Copy each line below as written, but skip the pictures.

=====

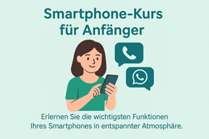 Sie möchten Ihr Smartphone endlich sicher und entspannt nutzen? In unserem neuen Einsteigerkurs lernen Sie Schritt für Schritt die wichtigsten Funktionen kennen – von den Grundeinstellungen über Telefonie und WhatsApp bis hin zu Fotos, Apps und sicheres Surfen.
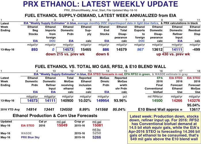 Page 2 has PRX's calculation using EIA's weekly estimates and DOC import/export data for the 2016 year-to-date annualized average of ethanol domestic disappearance at 13.947 bil gals vs EIA's May STEO forecast of 14.266 bil gals. Yet, EIA's 2016 YTD annualized average of weekly estimates of domestic refiner and blender net input of fuel ethanol is only 13.441 bil gals, leaving a residual disappearance of 507 mil gals.
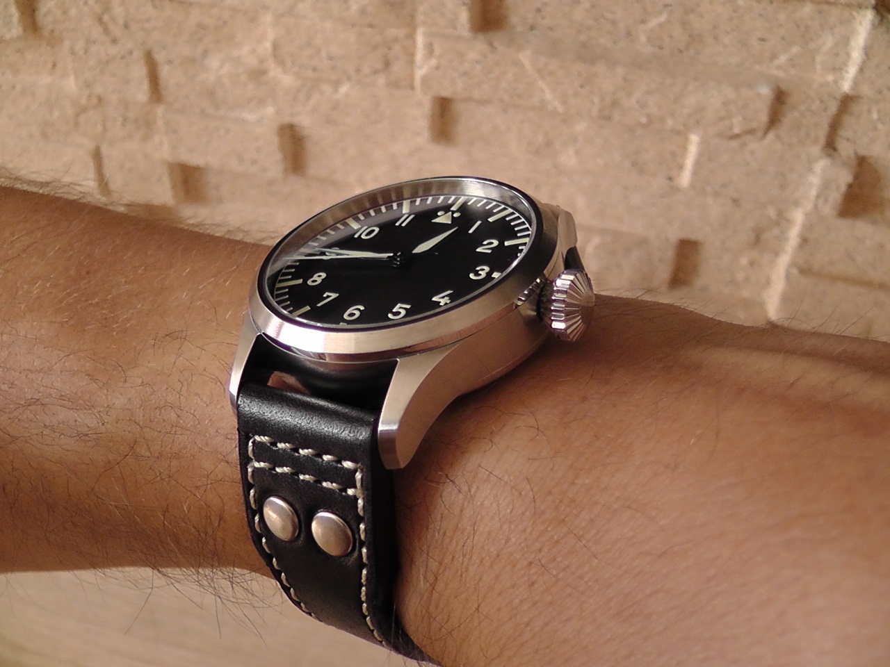 После прошедшей эйфории, могу теперь рассуждат на "трезвую голову". Как плюс, выделю идеальную считываемость времени. На Sinn, как это ни странно может прозвучать, мне мешал базель. Здесь же только цифер и стрелки, всё просто и ясно. Секундная стрелка тоже с люмом, на Sinn к сожалению была без. Вчера наставил время по электронным радиоуправляемым часам. Пока идут секунда в секунду, дальше посмотрим.
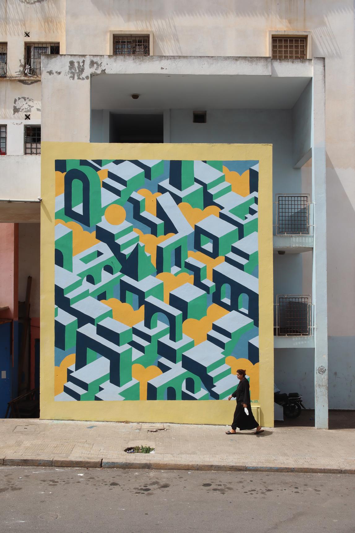 The mural MEDINA was created, inspired by traditional Maghreb architecture. It presents a visual interpretation of the medinas through geometric patterns, arches, and maze-like passages. The work evokes the markets and historic neighborhoods, where paths intertwine and every turn reveals a new perspective. Through its design, MEDINA explores the memory of these places and the richness of local architectural traditions.
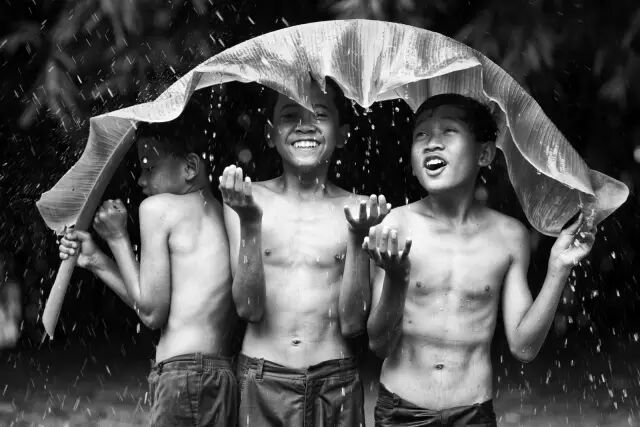 评委点评:三个兴高采烈的男孩使用一片香蕉树叶做遮蔽,在迎接雨水的到来,照片采用黑白两色精美地表现主题,看起来是在传达一段更为久远的过去时光,这是大多数人都十分珍惜的与儿时伙伴之间的联系和共同去过的地方。—— Kim Lau 新加坡
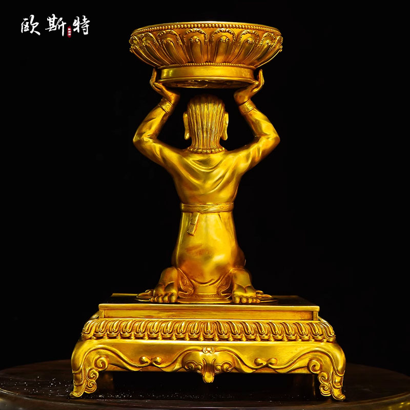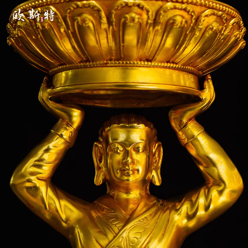 全鎏金人像灯酥油灯座佛前供灯家用铜莲花灯座长明灯灯架蜡烛台
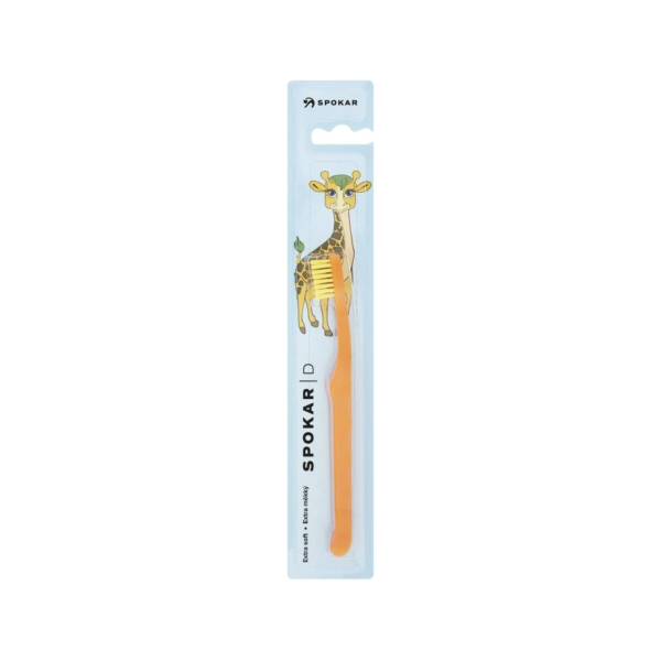 Зубна щітка ДИТЯЧА D Spokar екстрам’яка, помаранчева ручка / жовта щетина (від 0 до 6 років)
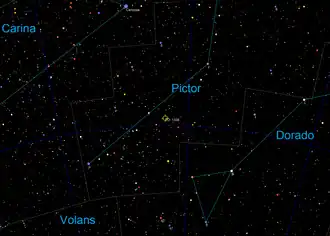 TOI-1338 is a binary star system located in the constellation Pictor, about 1,320 light-years from Earth. It is orbited by two known circumbinary planets, TOI-1338 b, discovered by the Transiting Exoplanet Survey Satellite (TESS)[2] and BEBOP-1c, discovered by the Binaries Escorted By Orbiting Planets project.[6]

=====

# [Problem solution]
 Sie möchten Ihr Smartphone endlich sicher und entspannt nutzen? In unserem neuen Einsteigerkurs lernen Sie Schritt für Schritt die wichtigsten Funktionen kennen – von den Grundeinstellungen über Telefonie und WhatsApp bis hin zu Fotos, Apps und sicheres Surfen.
 Page 2 has PRX's calculation using EIA's weekly estimates and DOC import/export data for the 2016 year-to-date annualized average of ethanol domestic disappearance at 13.947 bil gals vs EIA's May STEO forecast of 14.266 bil gals. Yet, EIA's 2016 YTD annualized average of weekly estimates of domestic refiner and blender net input of fuel ethanol is only 13.441 bil gals, leaving a residual disappearance of 507 mil gals.
 После прошедшей эйфории, могу теперь рассуждат на "трезвую голову". Как плюс, выделю идеальную считываемость времени. На Sinn, как это ни странно может прозвучать, мне мешал базель. Здесь же только цифер и стрелки, всё просто и ясно. Секундная стрелка тоже с люмом, на Sinn к сожалению была без. Вчера наставил время по электронным радиоуправляемым часам. Пока идут секунда в секунду, дальше посмотрим.
 The mural MEDINA was created, inspired by traditional Maghreb architecture. It presents a visual interpretation of the medinas through geometric patterns, arches, and maze-like passages. The work evokes the markets and historic neighborhoods, where paths intertwine and every turn reveals a new perspective. Through its design, MEDINA explores the memory of these places and the richness of local architectural traditions.
 评委点评:三个兴高采烈的男孩使用一片香蕉树叶做遮蔽,在迎接雨水的到来,照片采用黑白两色精美地表现主题,看起来是在传达一段更为久远的过去时光,这是大多数人都十分珍惜的与儿时伙伴之间的联系和共同去过的地方。—— Kim Lau 新加坡
 全鎏金人像灯酥油灯座佛前供灯家用铜莲花灯座长明灯灯架蜡烛台
 Зубна щітка ДИТЯЧА D Spokar екстрам’яка, помаранчева ручка / жовта щетина (від 0 до 6 років)
 TOI-1338 is a binary star system located in the constellation Pictor, about 1,320 light-years from Earth. It is orbited by two known circumbinary planets, TOI-1338 b, discovered by the Transiting Exoplanet Survey Satellite (TESS)[2] and BEBOP-1c, discovered by the Binaries Escorted By Orbiting Planets project.[6]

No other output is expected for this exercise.